We talk a lot about Good Friday and Easter Sunday - but what is today? What is the meaning of the Saturday between the death and the resurrection? In truth, this is where most of us live much of our lives. We live in the waiting time - the time between a death, be it a trauma, a loss, a heartbreak, a disappointment, and what might come of it.
As Christians we believe that God is at work in everything, bringing life. Even the worst situations, put into the hands of God, bring life. God is the great integrator, the maker of what might become new. But the reality is that we must live into the Saturday - the period of time when death hangs over us and life has not yet been resurrected.
In her book called Spirit and Trauma, Shelly Rambo deals extensively with the idea of Saturday - the time between. (I highly recommend it if you are inclined to this kind of question.) One of Shelly's ideas is that after a trauma, life is forever changed, because elements of death remain. This 'remaining' is what we struggle with. Yes life goes on, even blossoms. No, we never get 'over it.'
So, the disciples and friends of Jesus walk around their homes and streets on this (symbolic) day, in a state of shock and pain that makes their hearts literally ache.The waiting. The thinking. Images forced into their brains. No sleep. Tears. Dry mouth. Pounding tension headache.

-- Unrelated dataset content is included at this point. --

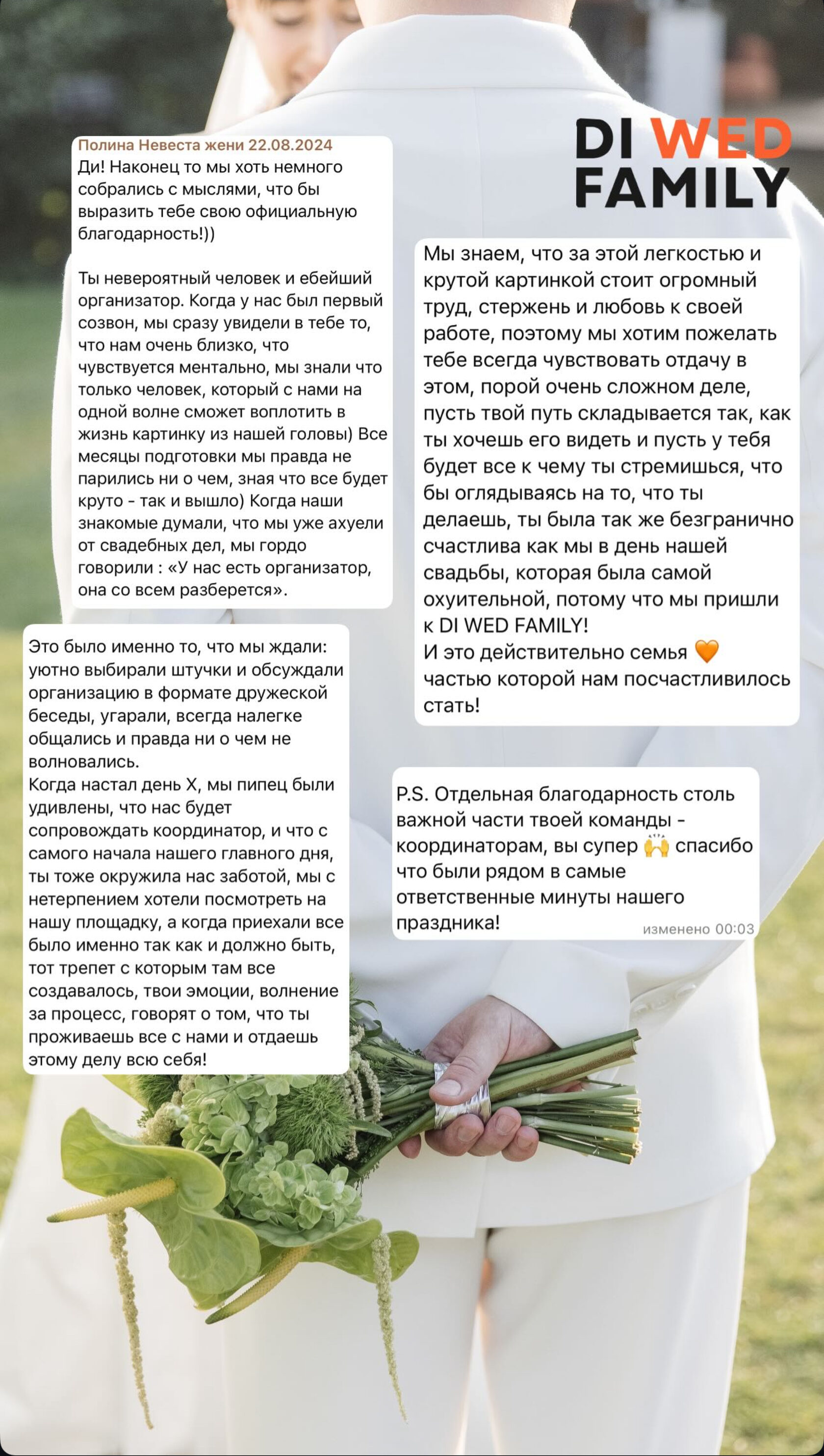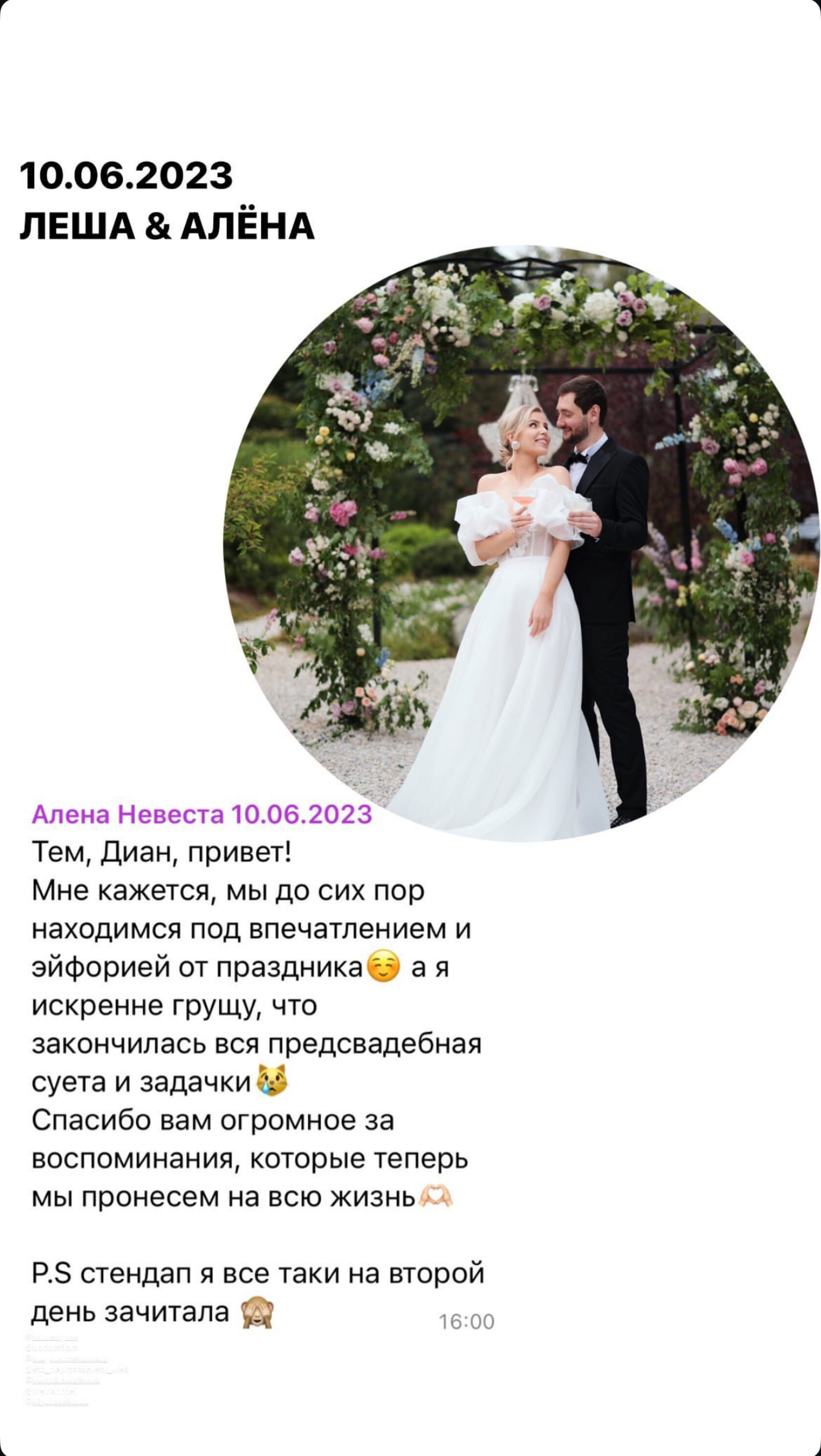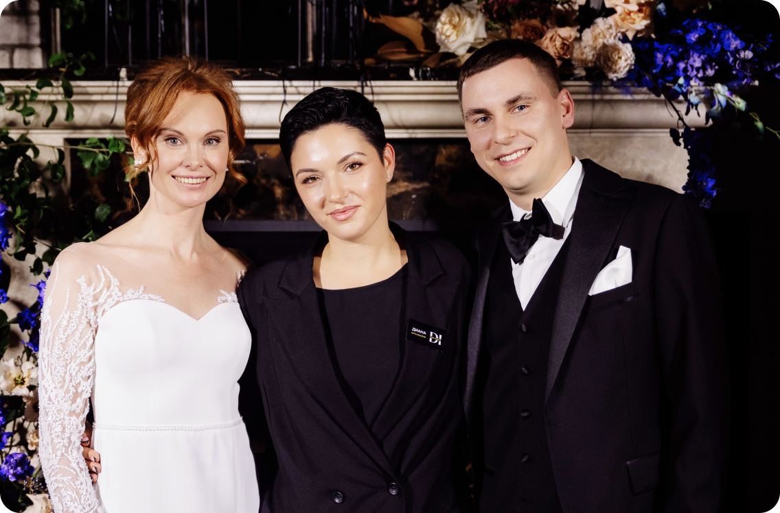 Наша цель — создание индивидуального события для Вас и про Вас. Чтобы ваша свадьба была уникальной, нам важно узнать о каждом из вас, вашу историю знакомства, интересы, увлечения, хобби, которые помогут нам в воплощении ваших мечт и раскрытии наших идей для Вас.

And then the resurrection, but the Jesus they knew is not the Jesus they can hold onto now. It is a whole new thing. You might argue, a better thing, but it is another death. Hear this little poem imagined from the lips of Mary:
I never suspected
to be so painful
to leave me weeping
to have met you, alive and smiling, outside an empty
not because I've lost you
but because I've lost you in how I had you -
in understandable, touchable, kissable, clingable
not as fully Lord, but as graspably human.
I want to cling, despite your protest
cling to your body
cling to your, and my, clingable humanity
cling to what we had, our past.
But I know that ... if I cling
you cannot ascend and
I will be left clinging to your former self
... unable to receive your present spirit.